Tobias Boege taboege at gmail.com
Sat Jan 5 17:41:37 CET 2019


On Fri, 04 Jan 2019, T Lee Davidson wrote:
> > There are two "milestones" for the component:
> > 
> >   (1) Every RSS date must be formatted according to (a minor variant of)
> >       RFC 822, which includes a timezone string. I think if you publish
> >       e.g. local news, setting a timezone independent of the local one
> >       is an important feature. I wanted to do this since the beginning [1]
> >       but it *may* break the existing interface [2]:
> > 
> >         About the incorporation of timezones in gb.web.feed (the last
> > 	thing before I mark the component as "Unfinished but stable"),
> > 	my plan is to replace the Date variables in the Rss* classes
> > 	by an RssDate compound, consisting of a normalised Date and a
> > 	Timezone string (or constant), with an "apply timezone" method
> > 	probably. If you have a better idea, please let me know.
> 
> I may be missing a particular need in regards to this, but I would just store dates as either RFC822 strings or rely on the
> internal UTC representation and convert on retrieval/output (ie. a _get) as needed.
> 
> > 
> >       I also remember issues with the date conversion, some of which got
> >       fixed, but others not [3,4]. As I said 20 months ago, when this
> >       is done, the component can be marked "Stable".
> 
> I find only one issue (see below *) with the questions you raised at your ref #3. Therefore, I am unsure exactly what needs to
> be fixed. And, as much as I try, I cannot understand the need to separate the timezone (ref #4). It is available in both a
> RFC822 date string and in the internal date representation as UTC.
> 

The need arises like this: when you read an RSS document, you likely want
to get a Date, not a string describing the date. That's how we deal with
dates in Gambas. But then, "time is absolute in Gambas", as often repeated
by Benoît, i.e. a Date object points to a point in time, it has no need for
a timezone component. The timezone must be dealt with in input/output,
as you said. Now imagine I want to run an RSS-based newspaper "Magdeburg Times"
for the German city I live in. My server happens to be located in Australia
with an Australian locale and timezone. I want the news items to be PubDate'd
according to what readers expect (Europe/Berlin), but e.g. the LastBuildDate
should be in the local timezone of the server because that's an event actually
happening on the server.

If that doesn't convince you, consider a feed aggregator service, which
reads multiple feeds online (like all Gambas-related forums, blogs and the
gitlab repo feed) and provides them as a single feed ("Gambas Today").
All these feeds can have different timezones and the current implementation
of gb.web.feed would just forget all of them. The dates displayed in the
aggregated feed would point to the same *points in time* but they would
all be relative to the timezone of the machine doing the aggregation.

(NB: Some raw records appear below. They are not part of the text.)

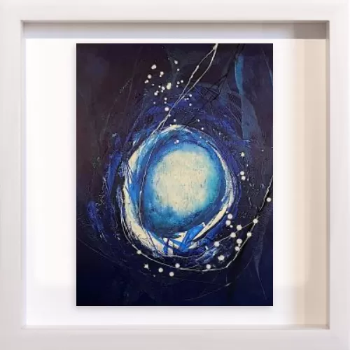 ボックス額の空間にセッティングされた作品は、立体的な余白や光による陰影とともに、作品を特別なものにしてくれます。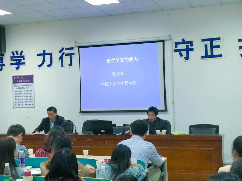 2018年10月12日下午14点,中国人民大学哲学院博士生导师、张文喜教授,应邀在taptap点点云塘校区文科楼C202报告厅进行了题为“论哲学家的能力”的学术讲座。taptap点点马克思主义学院陈万球院长、张明海副院长、部分教师和全体研究生聆听了此次讲座。讲座由马克思主义学院院长陈万球教授主持。
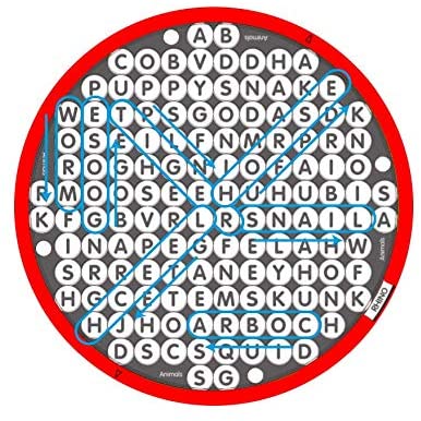 The race is on with this exciting version of the classic hidden word puzzle - it turns a solitary activity into a fun group word game as players go on a word search. Rotate the specially-designed circular board to reveal the word that the players will race to find on this turn. Everyone plays at once, and the first player to locate the word marks it with transparent colored tiles. With twists and turns that allow players to remove tiles played by competitors, Wordsearchers find the hidden word puzzles make a great game for kids and families to play together (and to boggle their minds!). The player with the most tiles on the board at the end wins. The game includes 464 words to search for in 16 different puzzles and is good for years of fun. Includes game board, 8 double-sided game cards, 280 marking tiles and illustrated instructions. For 2-4 players, ages 7 and up.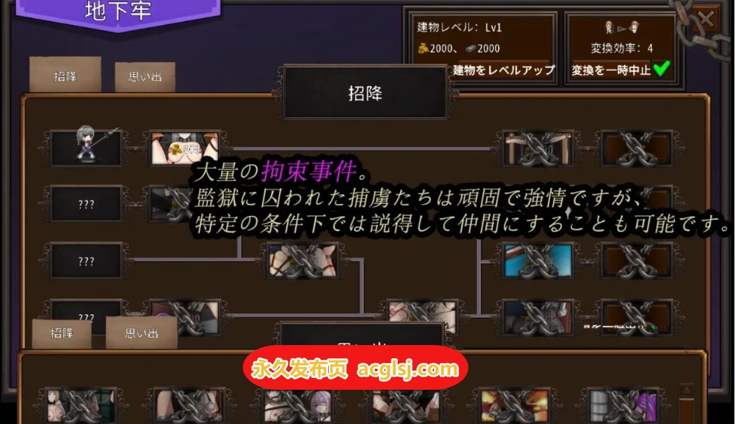 大量的拘束事件。被囚禁在监狱里的俘虏们虽然顽固倔强,但在特定条件下可以说服她们成为伙伴。
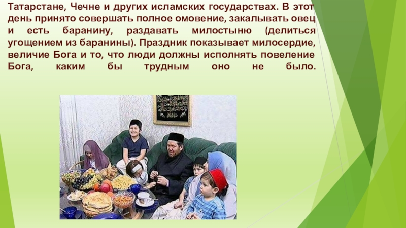 исламских государствах. В этот день принято совершать полное омовение, закалывать овец и есть баранину, раздавать милостыню (делиться угощением из баранины). Праздник показывает милосердие, величие Бога и то, что люди должны исполнять повеление Бога, каким бы трудным оно не было.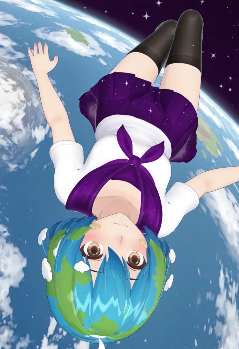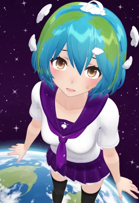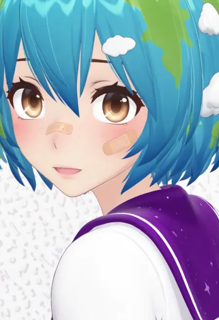E4r7hc4a9m, green and blue hair, bandaid on face, brown eyes, shirt, purple sailor collar, skirt, 3d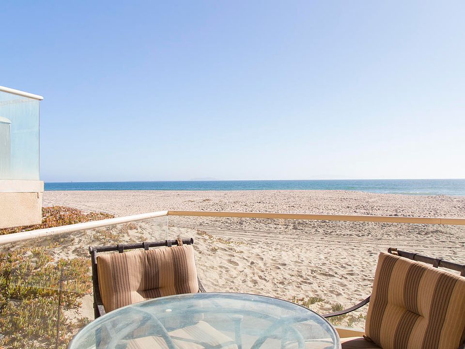 Ocean front home located in Mandalay Beach. Open up the doors to be greeted by a private courtyard in the center of the home. Here you will find a beautiful patio set, built in fire place, a BBQ, and a Jacuzzi. To the left of the courtyard is the game room and bar area, complete with pool table, bar seating, and plenty of other seating so everyone can hang out. There is also a full bath in this area. On the other side of the courtyard, you will find the entry to the main part of the home. To the left you will find the cozy TV area with views of the courtyard. Kitchen features granite counter tops, wood cabinetry, stainless steel appliances, plenty of cooking space and a breakfast counter. Past the kitchen you will find the dining area, another living area featuring a beautiful grand fireplace, and a sitting area with 180 degree views of the beach-the perfect place to enjoy your morning cup of coffee. There is also a balcony off the dining area complete with patio furniture. Upstairs you will find all four bedrooms. Available furnished or unfurnished. Utilities not included. No Pets.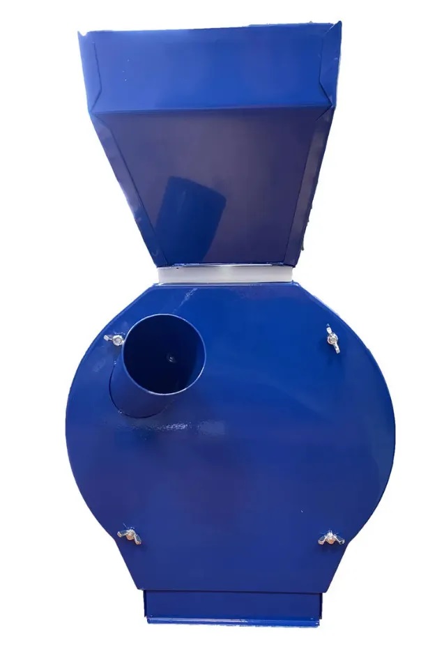 Измельченная масса ссыпается в надеваемый на нижнее выходное отверстие мешок или другую емкость.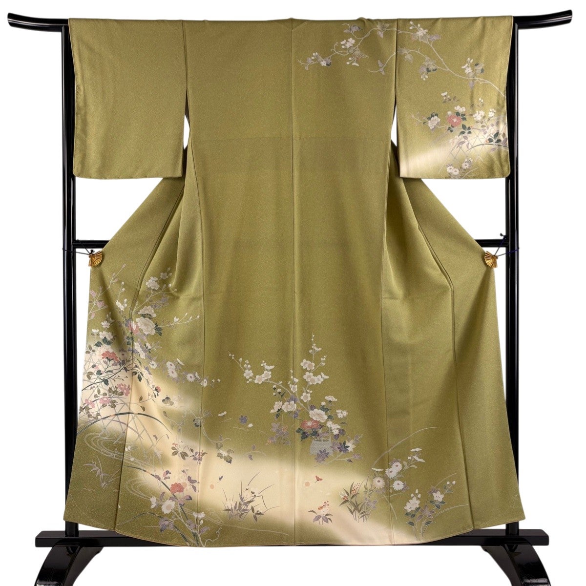 他の画像を見る 50%OFF 付下げ 身丈160cm 裄丈67.5cm L 袷 翠山工房 やまと 落款あり 辻が花 ぼかし 抹茶色 正絹 名品 K50 当店通常価格 ¥ 17,800 ¥ 8,900 税込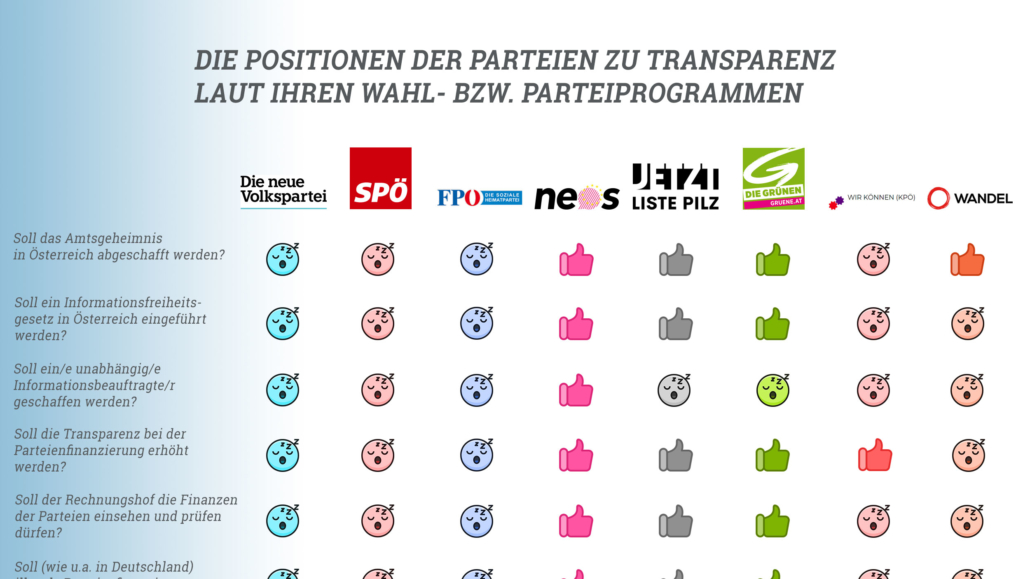 Wir haben uns die Wahlprogramme aller bundesweit zur Nationalratswahl antretenden Parteien angesehen um sie auf Inhalte rund um das Thema Transparenz zu untersuchen.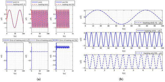 Figure 9 is the track responses of sinusoidal signals of different frequencies under the proposed method and the initial state of the system is set as . The same conclusion as that in Figure 6 can be obtained from Figure 9.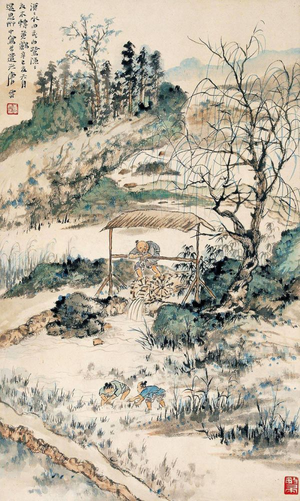 近代海派画家唐云的画作中也有车水图,为其32岁时所作,款字题道:“漠漠水田飞白鹭,阴阴夏木啭黄鹂。”这是唐代诗人王维《积雨辋川庄作》诗中的句子。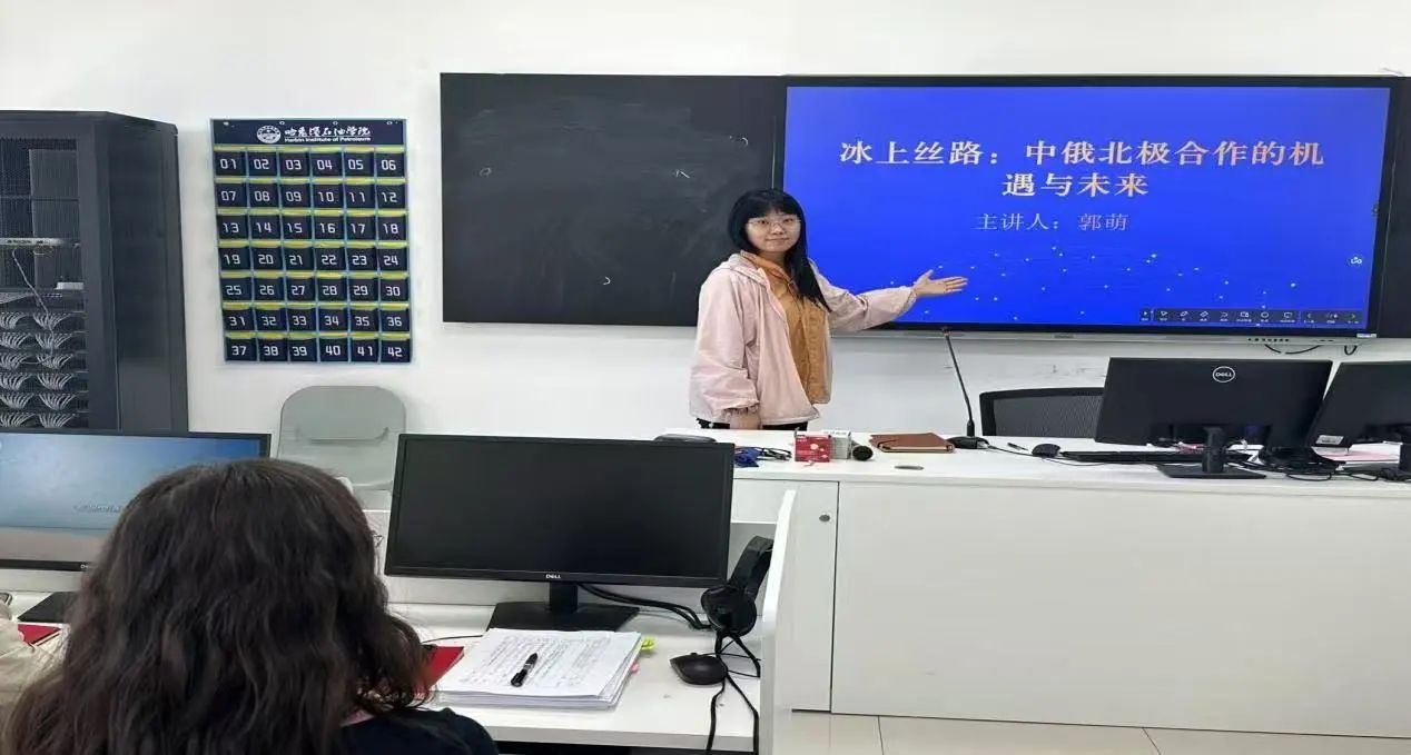 郭萌老师围绕《冰上丝路:中俄北极合作的机遇与未来》,结合中俄双语文献资料,分析北极航道开发对黑龙江对外开放的战略意义。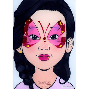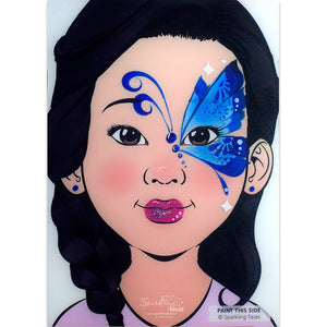 Sparkling Faces Practice Board - Julia shows a cute braided hair girl face. Board is perfect for practicing full face designs, eye designs, cheek art designs as well as to try out designs with stencils. Comes in A4 size - 8.27" x 11.69".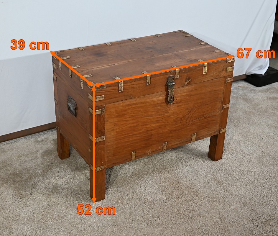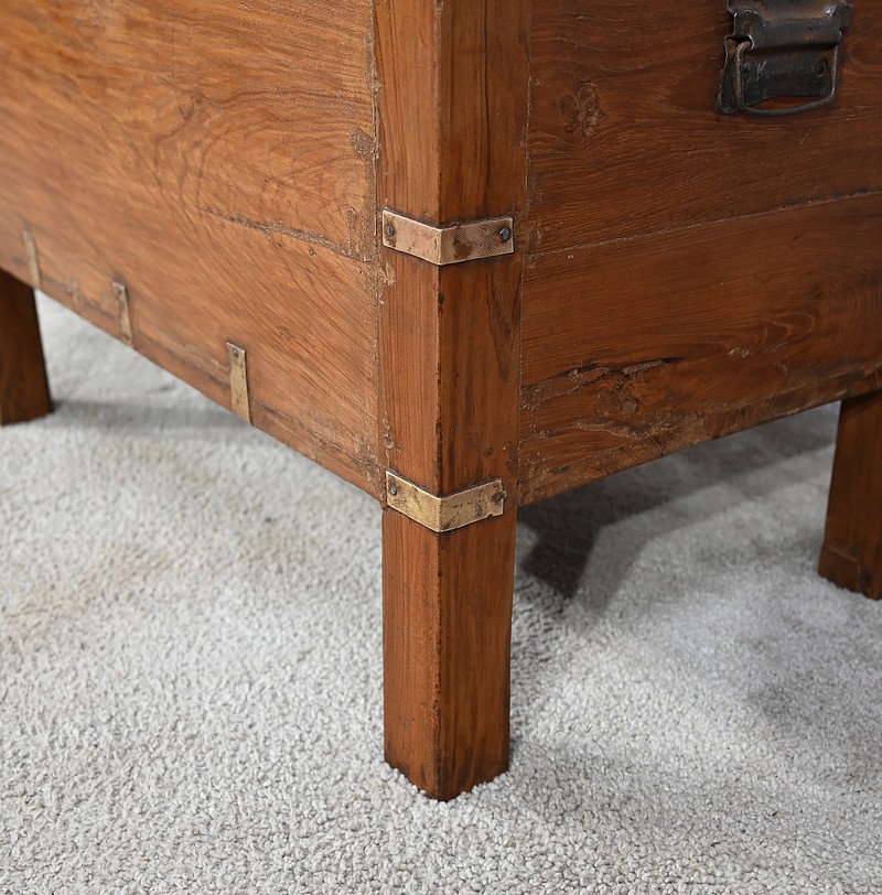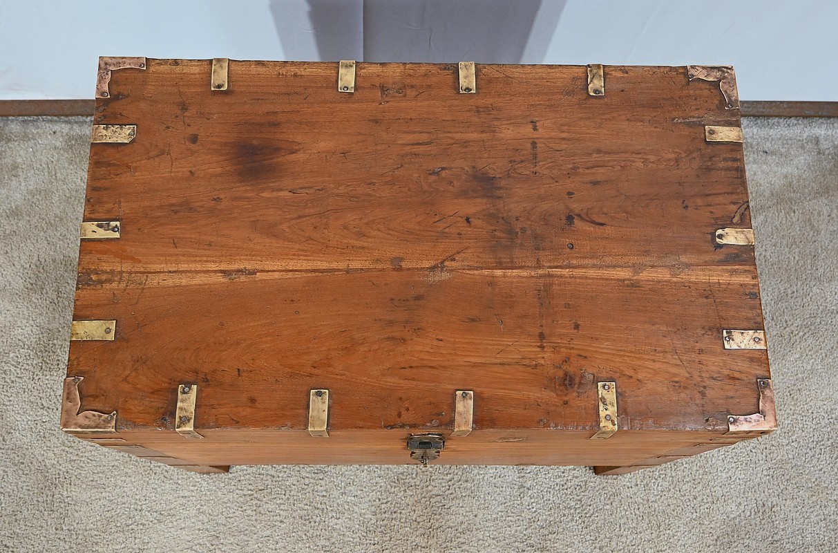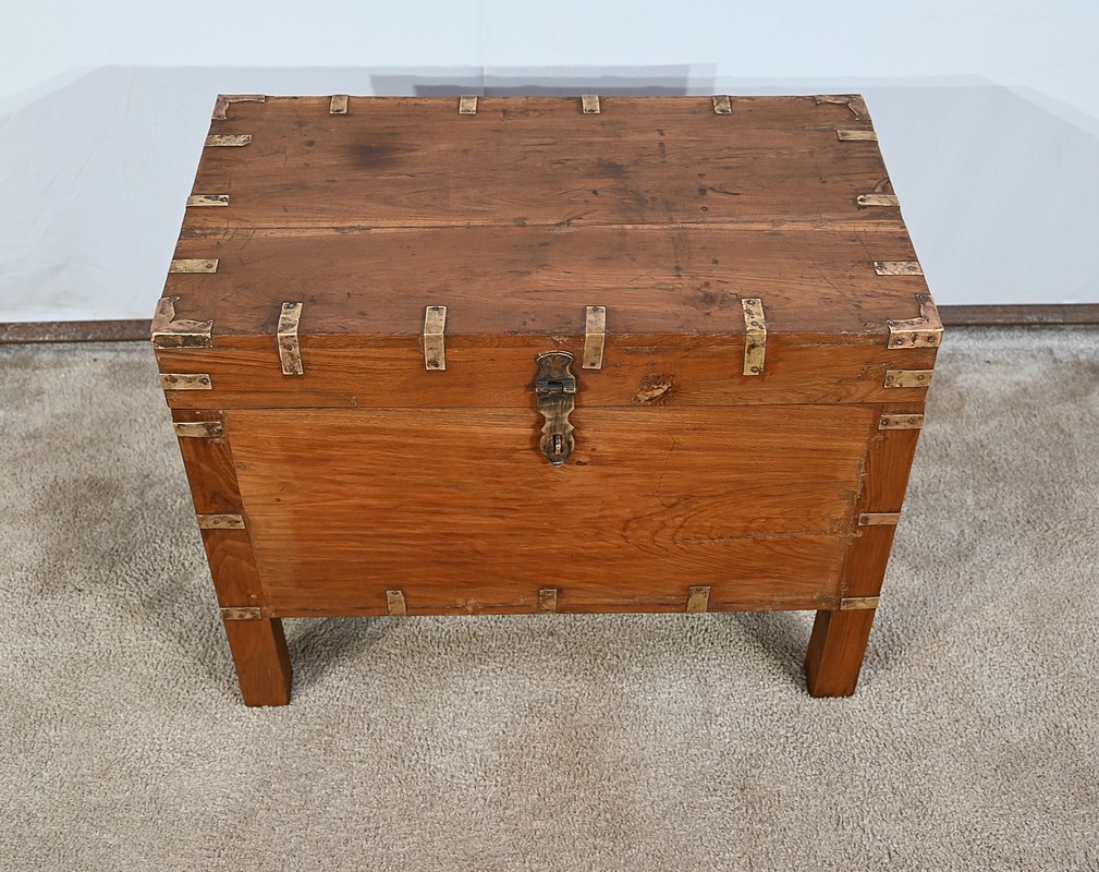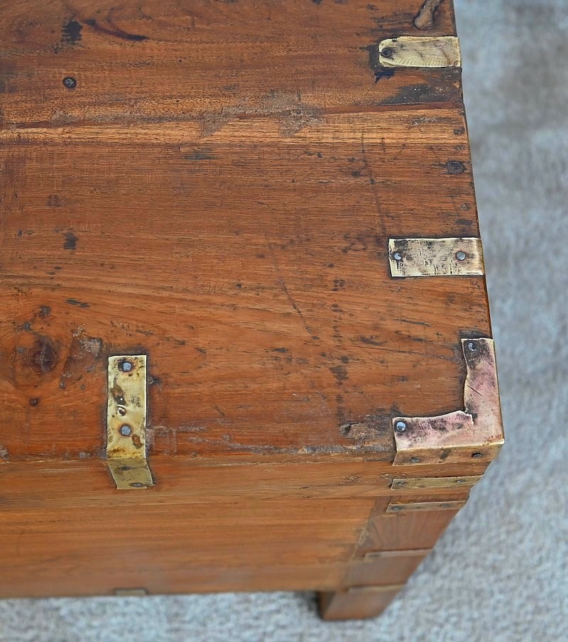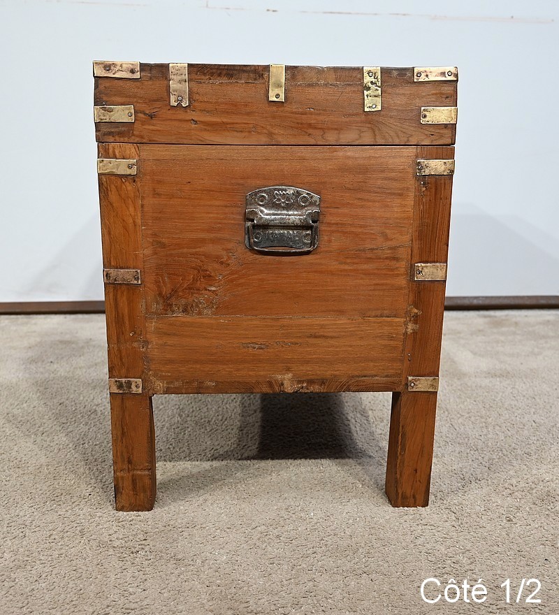 Cette malle montée sur quatre pieds, entièrement en teck massif se caractérise par ses nombreuses lanières cloutées en laiton affirmant son caractère. Ces dernières relient solidement toutes les faces du coffre. A l’ouverture, nous découvrons un grand espace de rangement avec un casier latéral. Son transport est rendu possible par la présence sur les côtés de poignées tombantes en fer. Un objet charismatique et authentique.

My point is: timezones bear meaning and gb.web.feed should be able to
preserve them. Thus I want the ability to *independently* set the timezone
of every single Date field in the entire feed on output. [ Note that input
is already covered by Gambas: it can read a timezone'd date and create a
matching (absolute) Date object that we all like to work with, but not
so much like to display, as witnessed by this mailing list :-) ]

Yes, I know that making every Date into a (Date, TimeZone) compound
may be too intrusive for something that people usually don't care about.
But what else can I do? It would turn code like

  $hRssItem.PubDate = Now

into

  $hRssItem.PubDate.Date = Now      ' and optionally
  $hRssItem.PubDate.Zone = "+0100"  ' or:
  $hRssItem.Pub.Date = Now
  $hRssItem.Pub.Zone = "+0100"

If that's too ugly, I could also leave PubDate alone and the compound
becomes a second property PubDateTime(?) which takes precedence over
the sole PubDate field if it is set or is synchronized with it.
That way you could use PubDate if you don't care about timezones but
if you read an RSS document, the parser will always fill both fields,
so an aggregator would preserve the timezone out-of-the-box.

Since you sound like a potential user, what would you like to use?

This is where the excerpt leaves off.